▶ _EXERCISE DESCRIPTION_: Pictures must not appear in the copy. Restate exactly the lines below from the one with "2.交通部門。為了實現(xi" through the one with "A close-up image", inclusive.

▶ _RECORDS FOR THIS TASK_:
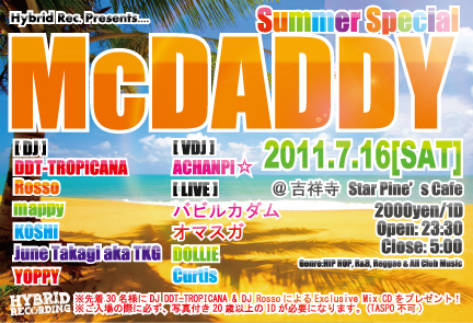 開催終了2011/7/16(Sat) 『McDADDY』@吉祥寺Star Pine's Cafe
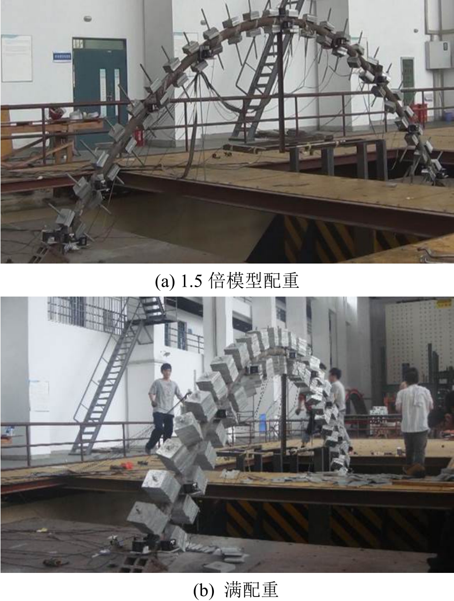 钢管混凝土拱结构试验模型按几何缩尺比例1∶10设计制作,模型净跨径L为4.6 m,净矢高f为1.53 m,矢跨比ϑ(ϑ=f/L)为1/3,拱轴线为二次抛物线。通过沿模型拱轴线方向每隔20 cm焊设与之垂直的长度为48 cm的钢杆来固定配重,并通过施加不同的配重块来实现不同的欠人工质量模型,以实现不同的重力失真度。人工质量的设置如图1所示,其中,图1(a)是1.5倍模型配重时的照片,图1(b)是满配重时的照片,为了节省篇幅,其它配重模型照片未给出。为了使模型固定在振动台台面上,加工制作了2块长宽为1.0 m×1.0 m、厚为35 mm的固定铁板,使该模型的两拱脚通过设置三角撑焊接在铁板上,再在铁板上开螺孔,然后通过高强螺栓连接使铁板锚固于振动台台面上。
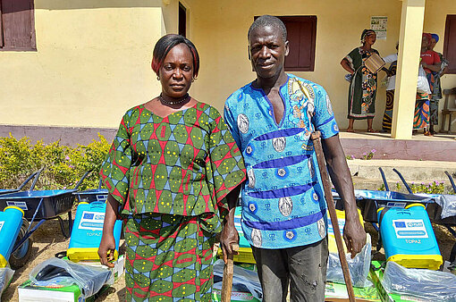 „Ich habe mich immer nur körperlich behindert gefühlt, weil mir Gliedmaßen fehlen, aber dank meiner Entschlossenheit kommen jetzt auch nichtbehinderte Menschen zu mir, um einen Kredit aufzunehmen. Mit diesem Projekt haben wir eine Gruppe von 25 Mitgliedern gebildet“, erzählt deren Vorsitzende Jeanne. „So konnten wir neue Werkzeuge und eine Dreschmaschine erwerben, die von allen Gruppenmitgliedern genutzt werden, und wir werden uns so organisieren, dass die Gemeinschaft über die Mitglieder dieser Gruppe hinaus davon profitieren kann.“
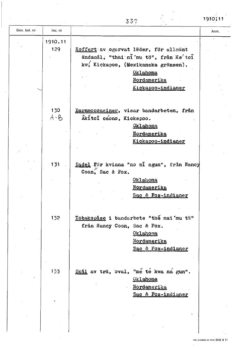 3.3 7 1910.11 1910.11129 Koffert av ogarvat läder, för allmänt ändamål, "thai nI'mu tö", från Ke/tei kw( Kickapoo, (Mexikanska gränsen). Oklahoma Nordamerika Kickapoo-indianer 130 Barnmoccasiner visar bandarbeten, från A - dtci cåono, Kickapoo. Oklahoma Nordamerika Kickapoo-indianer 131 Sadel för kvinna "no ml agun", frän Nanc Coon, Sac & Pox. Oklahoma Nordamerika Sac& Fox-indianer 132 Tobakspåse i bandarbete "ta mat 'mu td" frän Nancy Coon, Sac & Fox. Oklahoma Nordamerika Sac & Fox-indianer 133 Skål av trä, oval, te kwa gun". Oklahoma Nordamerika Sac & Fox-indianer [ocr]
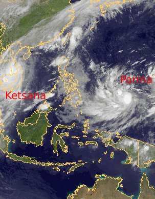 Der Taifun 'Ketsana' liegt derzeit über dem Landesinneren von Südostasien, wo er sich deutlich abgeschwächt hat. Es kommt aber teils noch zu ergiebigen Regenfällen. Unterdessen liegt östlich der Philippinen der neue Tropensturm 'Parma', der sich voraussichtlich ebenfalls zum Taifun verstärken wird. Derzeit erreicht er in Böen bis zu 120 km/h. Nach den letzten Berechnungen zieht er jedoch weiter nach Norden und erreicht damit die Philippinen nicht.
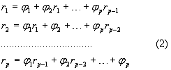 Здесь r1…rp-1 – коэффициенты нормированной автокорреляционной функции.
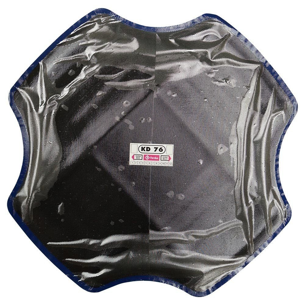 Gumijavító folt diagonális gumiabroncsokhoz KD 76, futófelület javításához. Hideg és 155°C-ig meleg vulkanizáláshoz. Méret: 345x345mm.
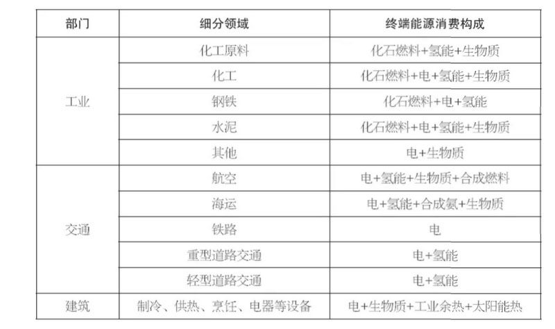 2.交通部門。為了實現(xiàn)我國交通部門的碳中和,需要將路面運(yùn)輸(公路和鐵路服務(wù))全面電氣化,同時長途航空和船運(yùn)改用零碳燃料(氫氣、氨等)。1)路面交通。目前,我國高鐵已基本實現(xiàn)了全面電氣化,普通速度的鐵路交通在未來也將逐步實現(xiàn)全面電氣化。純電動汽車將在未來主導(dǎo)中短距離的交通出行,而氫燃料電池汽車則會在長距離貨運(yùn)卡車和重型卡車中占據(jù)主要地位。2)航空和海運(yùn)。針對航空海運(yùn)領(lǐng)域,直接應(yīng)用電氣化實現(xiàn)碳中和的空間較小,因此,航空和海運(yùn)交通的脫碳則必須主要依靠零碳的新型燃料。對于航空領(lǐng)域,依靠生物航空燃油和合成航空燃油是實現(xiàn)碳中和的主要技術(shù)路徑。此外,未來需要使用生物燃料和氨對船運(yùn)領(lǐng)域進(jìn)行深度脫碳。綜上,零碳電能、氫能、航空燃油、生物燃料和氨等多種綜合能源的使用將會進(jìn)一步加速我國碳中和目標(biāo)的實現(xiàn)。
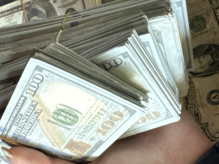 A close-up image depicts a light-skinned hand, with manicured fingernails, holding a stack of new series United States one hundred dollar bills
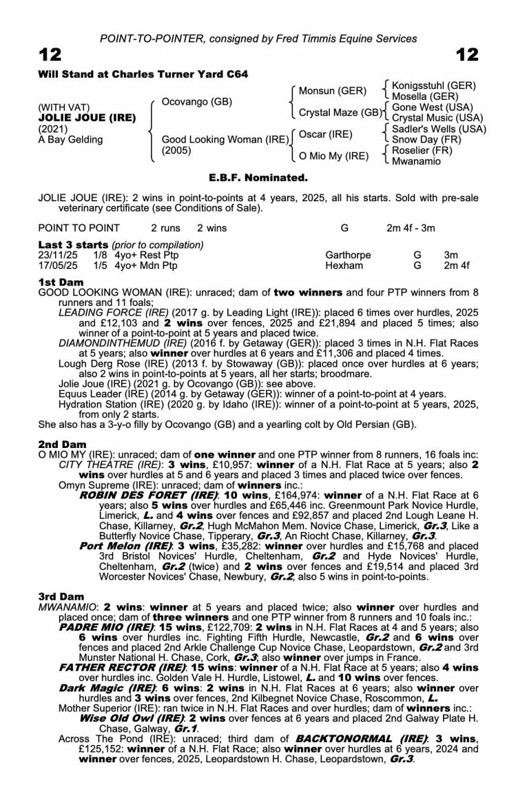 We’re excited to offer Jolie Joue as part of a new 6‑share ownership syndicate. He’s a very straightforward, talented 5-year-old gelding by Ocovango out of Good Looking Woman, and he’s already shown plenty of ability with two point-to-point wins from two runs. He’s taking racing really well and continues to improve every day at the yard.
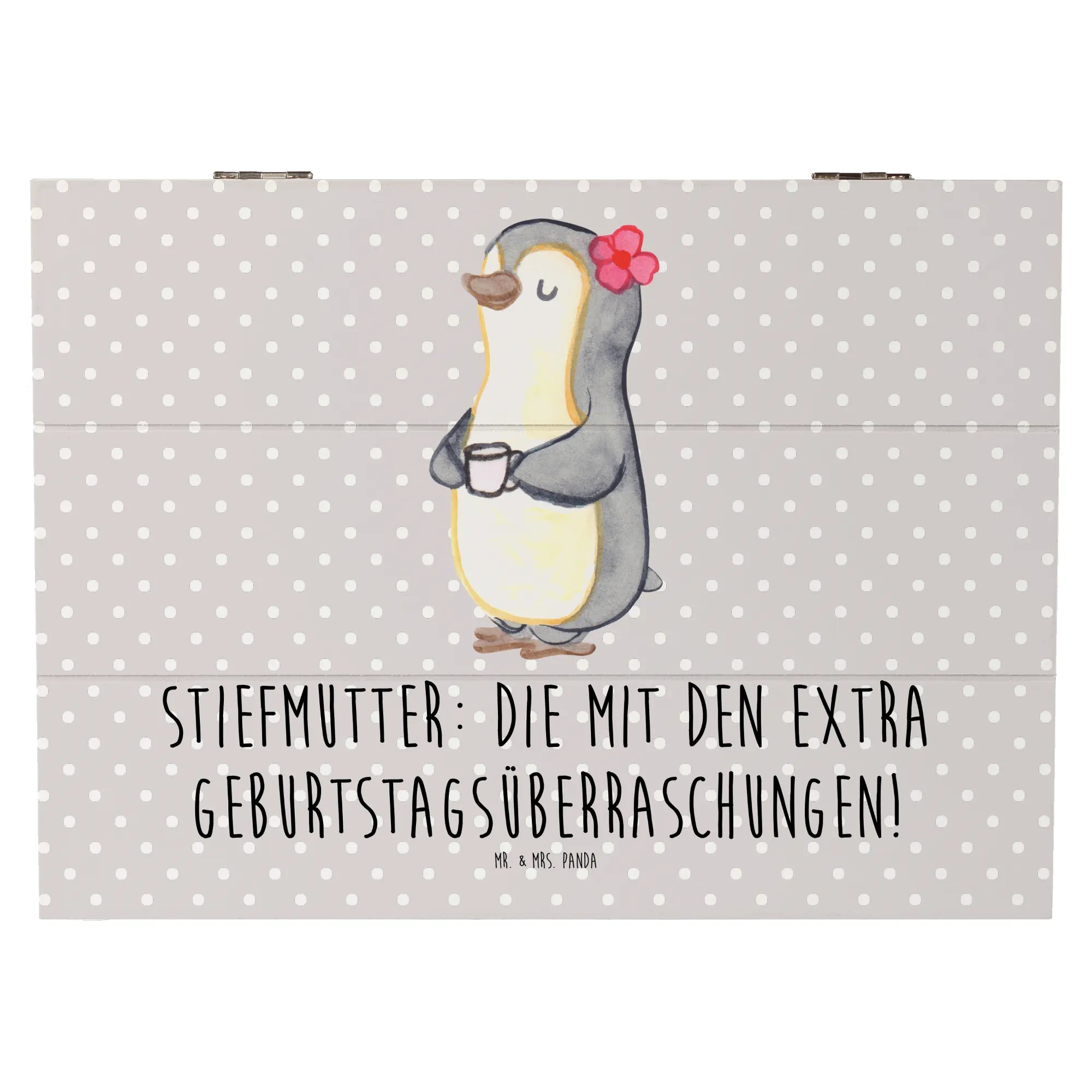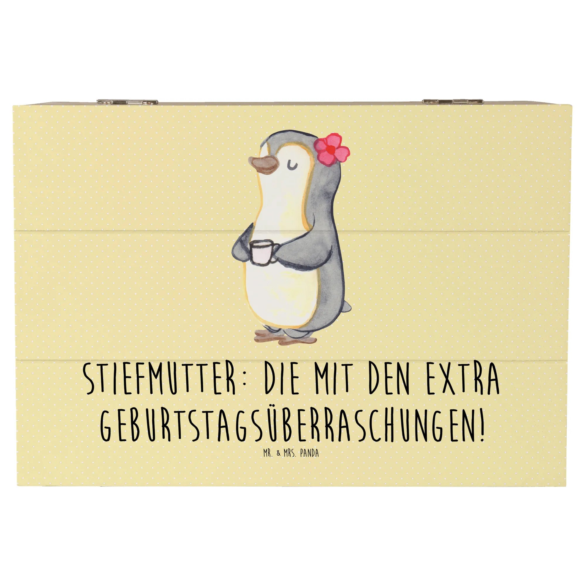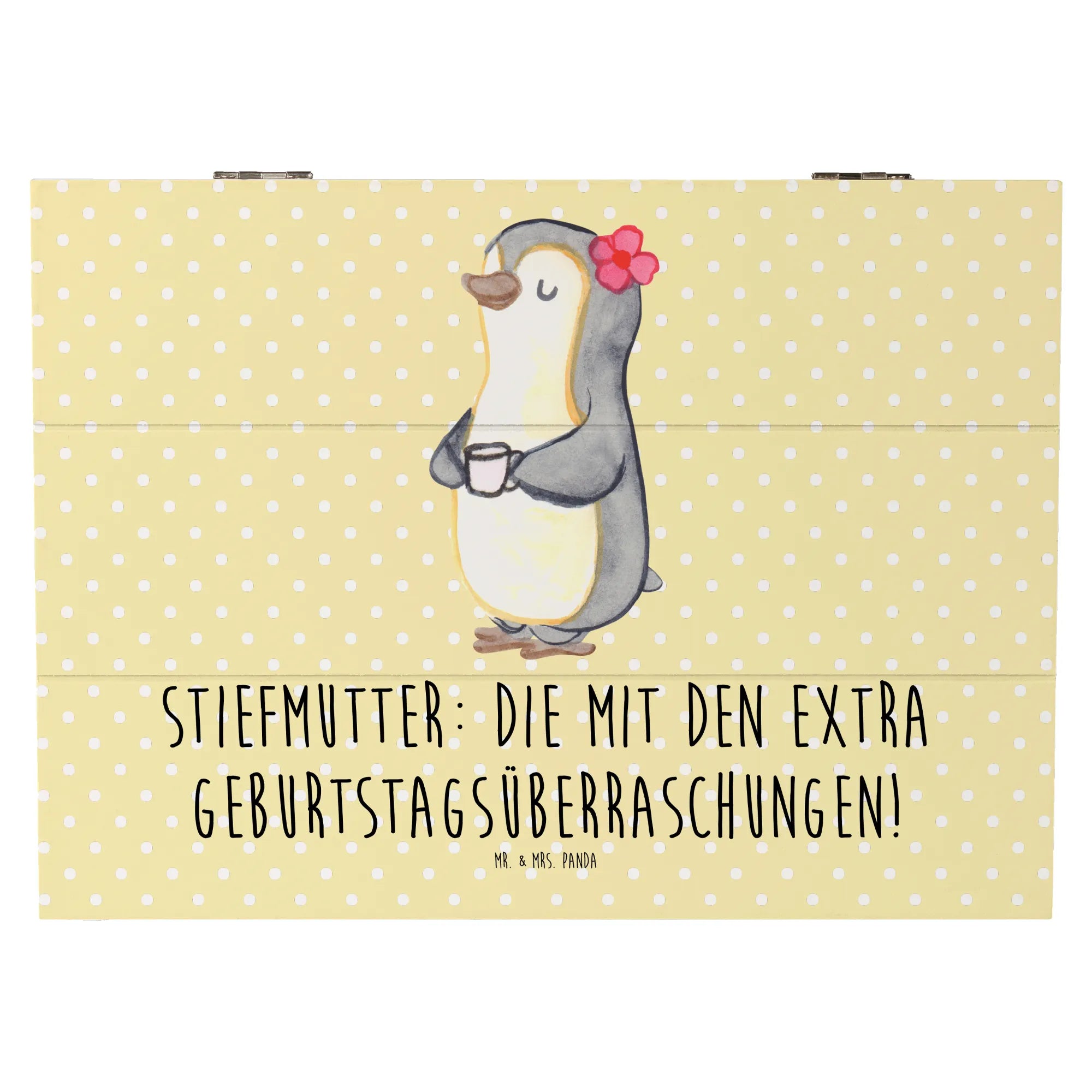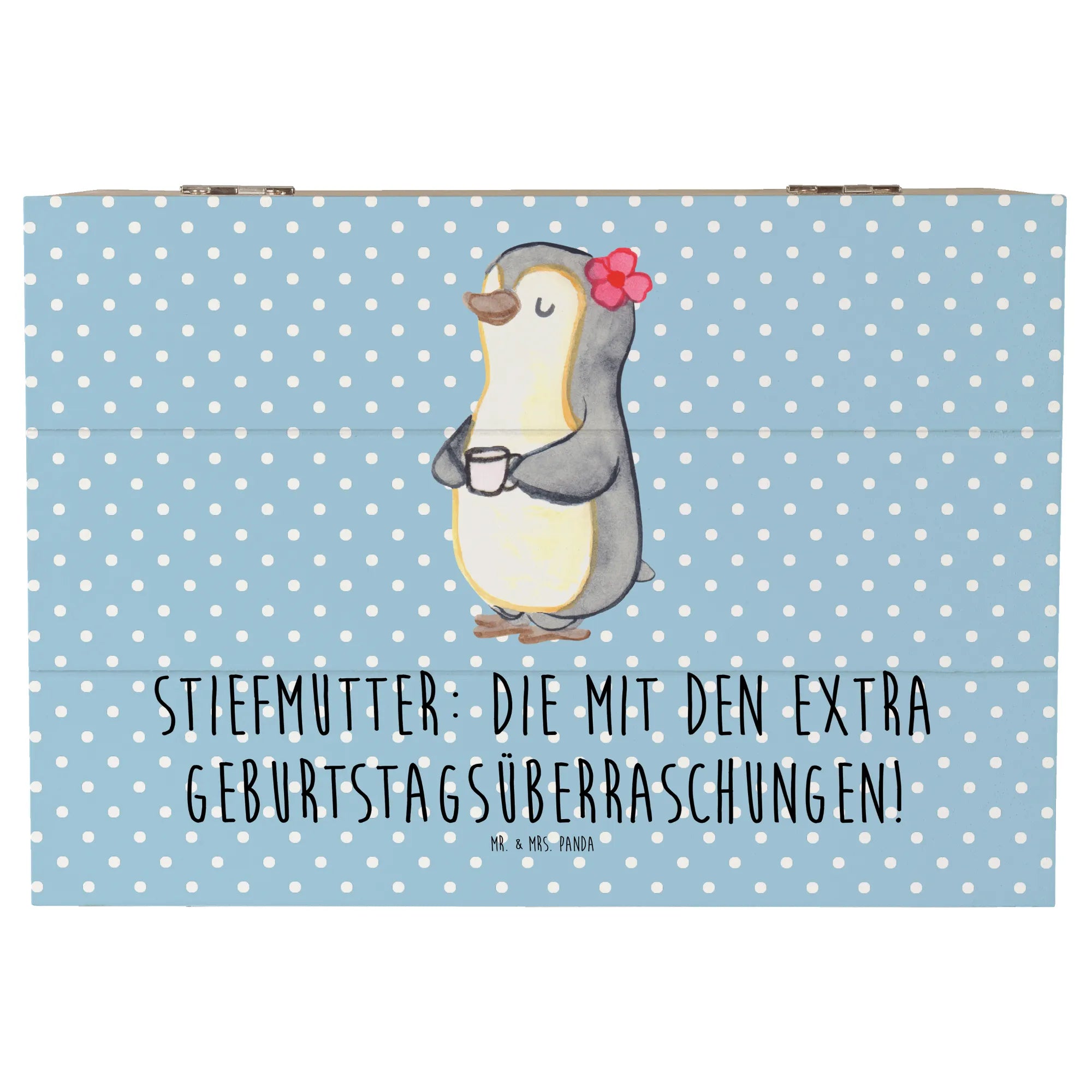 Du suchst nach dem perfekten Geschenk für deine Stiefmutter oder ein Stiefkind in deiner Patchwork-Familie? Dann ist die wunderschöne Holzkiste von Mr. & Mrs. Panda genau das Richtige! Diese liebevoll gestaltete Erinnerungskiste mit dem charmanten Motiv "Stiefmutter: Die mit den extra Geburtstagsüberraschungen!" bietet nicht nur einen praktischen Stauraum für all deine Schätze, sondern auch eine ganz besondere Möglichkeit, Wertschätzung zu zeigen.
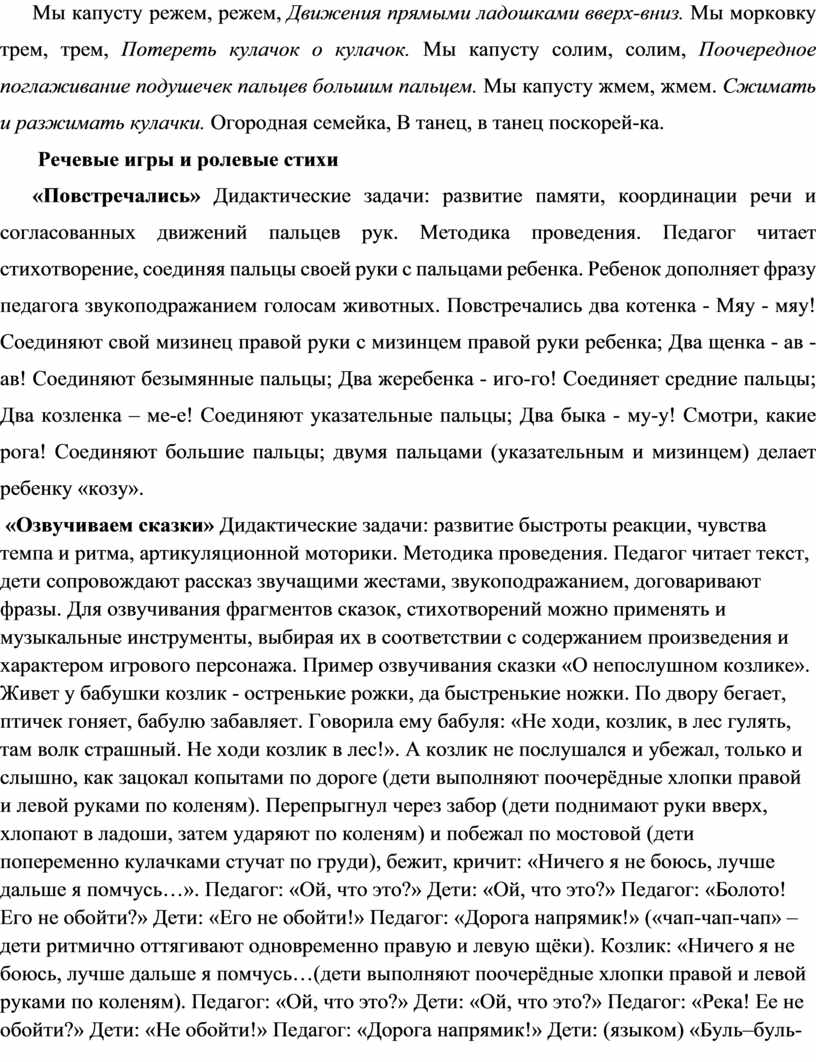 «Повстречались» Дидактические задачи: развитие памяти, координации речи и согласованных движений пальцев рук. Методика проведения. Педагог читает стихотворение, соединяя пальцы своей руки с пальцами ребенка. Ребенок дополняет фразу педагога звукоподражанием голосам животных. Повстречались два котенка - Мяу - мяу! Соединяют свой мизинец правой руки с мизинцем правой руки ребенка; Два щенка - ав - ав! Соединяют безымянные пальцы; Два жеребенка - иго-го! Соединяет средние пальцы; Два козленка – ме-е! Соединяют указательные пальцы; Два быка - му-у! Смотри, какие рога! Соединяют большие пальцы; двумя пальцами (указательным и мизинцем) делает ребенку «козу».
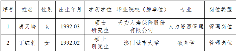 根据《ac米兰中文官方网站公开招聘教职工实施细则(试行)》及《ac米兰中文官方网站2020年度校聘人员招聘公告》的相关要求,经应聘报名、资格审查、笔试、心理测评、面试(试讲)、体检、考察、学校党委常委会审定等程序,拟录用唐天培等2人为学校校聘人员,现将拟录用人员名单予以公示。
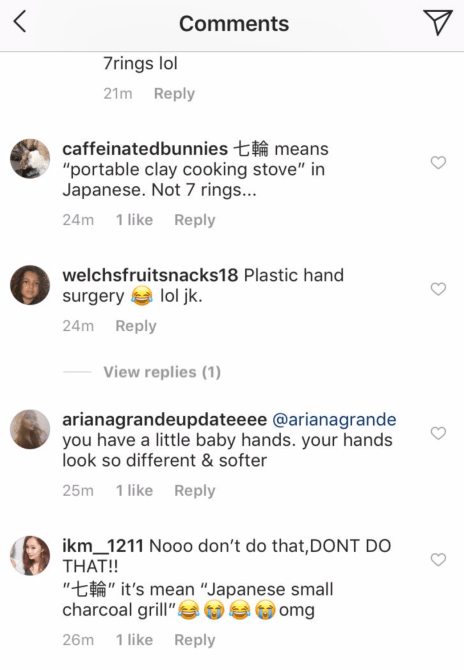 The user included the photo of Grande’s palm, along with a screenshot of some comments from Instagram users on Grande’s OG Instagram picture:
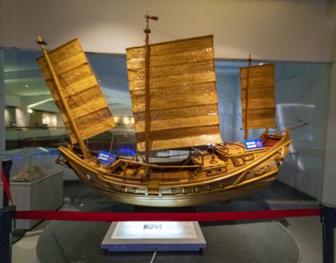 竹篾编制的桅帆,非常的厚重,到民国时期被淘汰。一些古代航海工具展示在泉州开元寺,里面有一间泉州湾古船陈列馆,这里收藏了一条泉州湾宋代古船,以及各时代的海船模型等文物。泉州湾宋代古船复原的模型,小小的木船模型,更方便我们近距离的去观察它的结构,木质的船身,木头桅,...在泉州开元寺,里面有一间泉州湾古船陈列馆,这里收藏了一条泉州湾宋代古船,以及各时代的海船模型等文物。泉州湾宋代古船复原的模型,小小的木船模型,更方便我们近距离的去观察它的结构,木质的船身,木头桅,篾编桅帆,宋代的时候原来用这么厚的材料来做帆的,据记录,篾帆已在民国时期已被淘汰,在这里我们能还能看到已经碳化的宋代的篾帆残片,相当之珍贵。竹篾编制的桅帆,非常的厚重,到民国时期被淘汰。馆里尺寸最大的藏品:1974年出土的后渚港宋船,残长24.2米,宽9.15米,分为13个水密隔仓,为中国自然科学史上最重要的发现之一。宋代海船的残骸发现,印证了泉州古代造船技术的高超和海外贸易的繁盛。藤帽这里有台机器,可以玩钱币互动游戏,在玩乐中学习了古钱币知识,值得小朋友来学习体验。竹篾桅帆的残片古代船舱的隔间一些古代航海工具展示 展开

▶ _SOLVED PROBLEM_:
 2.交通部門。為了實現(xiàn)我國交通部門的碳中和,需要將路面運(yùn)輸(公路和鐵路服務(wù))全面電氣化,同時長途航空和船運(yùn)改用零碳燃料(氫氣、氨等)。1)路面交通。目前,我國高鐵已基本實現(xiàn)了全面電氣化,普通速度的鐵路交通在未來也將逐步實現(xiàn)全面電氣化。純電動汽車將在未來主導(dǎo)中短距離的交通出行,而氫燃料電池汽車則會在長距離貨運(yùn)卡車和重型卡車中占據(jù)主要地位。2)航空和海運(yùn)。針對航空海運(yùn)領(lǐng)域,直接應(yīng)用電氣化實現(xiàn)碳中和的空間較小,因此,航空和海運(yùn)交通的脫碳則必須主要依靠零碳的新型燃料。對于航空領(lǐng)域,依靠生物航空燃油和合成航空燃油是實現(xiàn)碳中和的主要技術(shù)路徑。此外,未來需要使用生物燃料和氨對船運(yùn)領(lǐng)域進(jìn)行深度脫碳。綜上,零碳電能、氫能、航空燃油、生物燃料和氨等多種綜合能源的使用將會進(jìn)一步加速我國碳中和目標(biāo)的實現(xiàn)。
 A close-up image depicts a light-skinned hand, with manicured fingernails, holding a stack of new series United States one hundred dollar bills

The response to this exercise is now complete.